505.10 Handrail Extensions. Handrails shall extend beyond and in the same direction of stair flights and ramp runs in accordance with Section 505.10.

EXCEPTIONS:

*1. Continuous handrails at the inside turn of stairs and ramps.*

You might define this condition as an inside turn.

*So yes it can comply with2003 ANSI A117.1.*

Side note:

you only need a 12" extention at the top of stairs, and I think you have that, without the blue extention.....


----------



## Francis Vineyard (Apr 13, 2011)

It appears the route continues straight beyond the 60 inches before there is a need for the change of direction, this looks okay. But the handrails at the top and bottom of the ramp should extend 12 inches.

Mark H that is a keen observation about the ramp landing overlaps the stair landing for the handrail exception.

Try to catch Gunny Highway when he’s reading the Women’s mag and ask him nicely if this is NYC code.

.

*405.5 Clear Width. *The clear width of a ramp run shall be 36 inches (915 mm) minimum. Where handrails are provided on the ramp run, the clear width shall be measured between the handrails.

*405.7.2 Width. *Clear width of landings shall be at least as wide as the widest ramp run

leading to the landing.

*405.7.3 Length. *Landings shall have a clear length of 60 inches (1525 mm) minimum.

*505.10.1 Top and Bottom Extension at Ramps. *Ramp handrails shall extend horizontally above the landing 12 inches (305 mm) minimum beyond the top and bottom of ramp runs.
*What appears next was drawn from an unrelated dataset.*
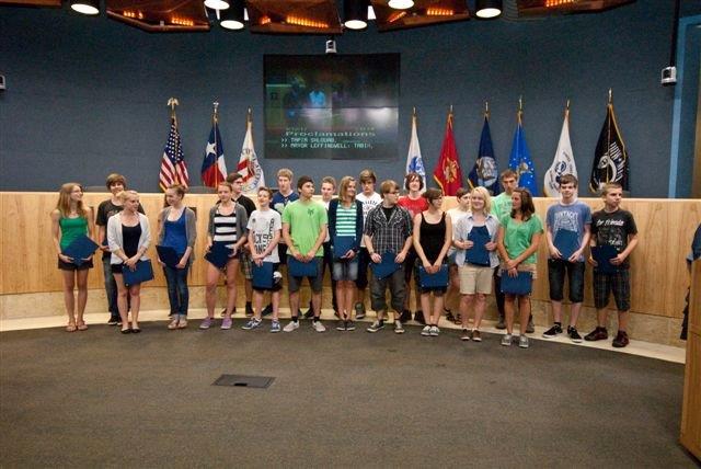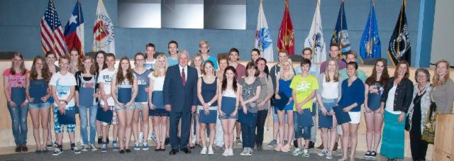 2014 Schülergruppe in Austin, City Concil mit Mayor Lee Leffingwell und Lehrer

Extensions shall return to a wall, guard, or floor, or shall be continuous to the handrail of an adjacent ramp run.


----------



## tbz (Apr 14, 2011)

JBI and others,

This is a totally new ramp installation and stair set, I wont even go in to the major CF's on this project, but upper ramp is spot on max pitch and the lower run is to steep, but that is another issue.

The handrails once installed wont be 36" clear width because they are lighted and with 1-1/2" clear leave 35-1/2" between guards.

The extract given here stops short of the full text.